You don't get off work for this? I feel genuinely bad for you.
I'll have a beer when I get into the office. Yes, I hide beer in my work frige.
Dude that chick in the corner just threw up
Hot
put your butt on the phone this is a booty call
so i told her that taking semen on the face helps make your skin smoother.
and?
luckily she was drunk enough to believe she had really bad acne...
No, I'm only going to drink half my paycheck. That's the responsible thing to do.
I'll never ask another girl to get on top again, that girl from the bar last night got on top and shit diareah all over my ball sack while she was cumming.
on the way home I asked you what exit we get off at and your answer was "just like the goldfish"

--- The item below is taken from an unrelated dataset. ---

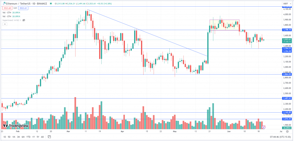 ETH after giving a breakout above the ‘Descending Triangle’ pattern, the prices rallied up to $3,977. However, the bulls failed to cross the psychological level of $4,000 and started to trade in a range between $3,900 to $3,700 with declining volumes. The asset has broken the range on the downside but with low volumes and made a low of $3,491. ETH has strong support at $3,350 and a lower longer shadow at these levels indicates buying whereas $3,700 will now act as a resistance for the asset.
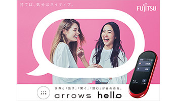 富士通コネクテッドテクノロジーズは、約101gの軽量・コンパクトな初のマルチ通訳機「arrows hello AT01」を5月23日から主要家電量販店で順次発売する。

Keywords: shitstorm, police, jail.
YOU DESERVE A GUY WITH A NORMAL DICK DONT SETTLE FOR ANYTHING LESS
I somehow turned head, shoulders, knees, and toes into a sobriety test
I don't want to just break his heart, I want to dip it in liquid nitrogen and then smash it until it's powder and snort the powder
You know its a good night when ur woken up by the bartender asking you how he ended up at your house
Listen, you eat the donut. I eat you out. Everybody wins.
Sorry for not calling you back. I got drunk and passed out on the kitchen floor. I just found my phone in the shower.
How do you confess that you've had phone sex with your fiancé's brother's ex-girlfriend's new guy she's dating who has also slept with your best friend?